Precision | Realtime Factor (w/ compile) | Realtime Factor (w/o compile) | VRAM Usage |
---|---|---|---|
bfloat16 | 2.1x | 1.5x | ~10GB |
float16 | 2.2x | 1.3x | ~10GB |
float32 | 1.0x | 0.9x | ~13GB |
Try It Now
- HuggingFace Space: Try the live demo
- ZeroGPU Space: Available for those without GPU access
- Community Support: Join their Discord server for help and updates
- Extended Access: Join the waitlist for access to larger models and additional features
Ethical Considerations
Dia is intended for research and educational purposes. Nari Labs explicitly prohibits:
- Creating audio that impersonates real individuals without permission
- Generating deceptive or misleading content
- Any illegal or harmful applications
The Future of Conversational AI
Dia represents a significant leap forward in generating natural-sounding dialogue. By condensing what was previously a multi-step process into a single model pass, Dia opens new possibilities for creative content, accessibility tools, and conversational AI systems.

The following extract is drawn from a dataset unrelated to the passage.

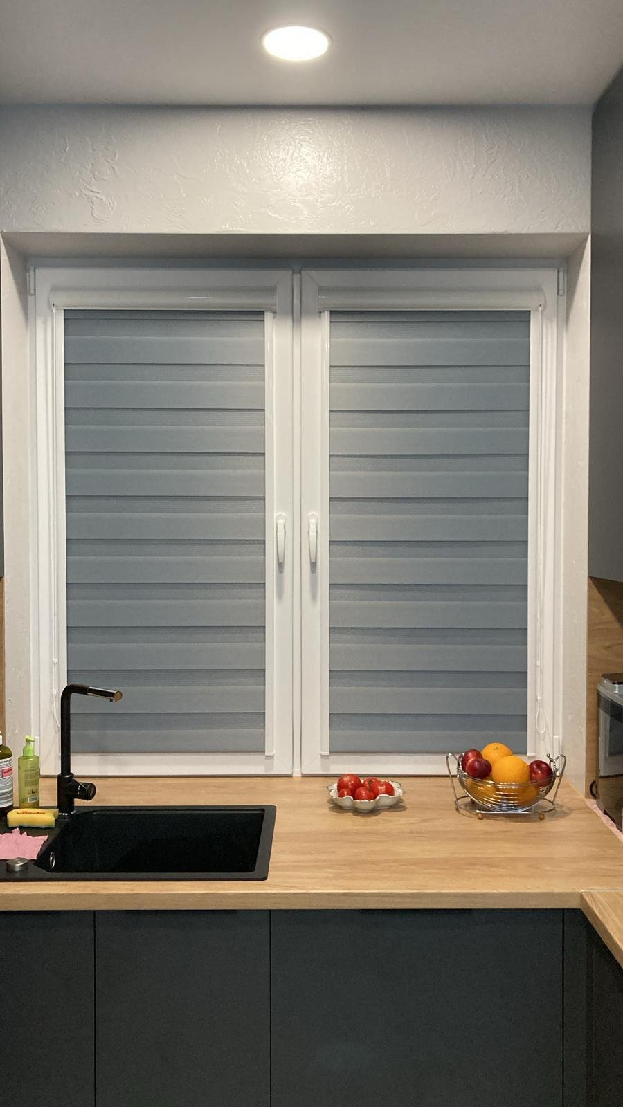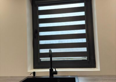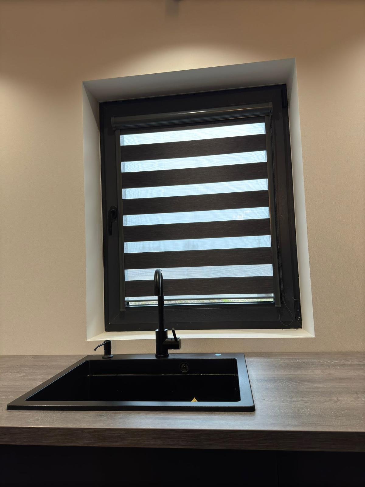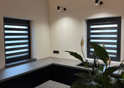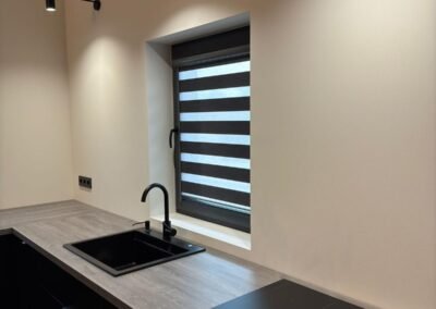 Kompaktais kasetes dizains netraucē atvērt logu un nesakrāj taukus vai putekļus. Diena-nakts funkcija ļauj saglabāt dabisku gaismu gatavojot, bet nodrošināt privātumu vakaros.

With voice cloning capabilities and support for non-verbal communication, Dia can produce audio content that captures the nuance and natural flow of human conversation in ways that weren’t previously possible with open models.
Resources
Dia is licensed under the Apache License 2.0 and is currently available as an open-weight model for research and development purposes.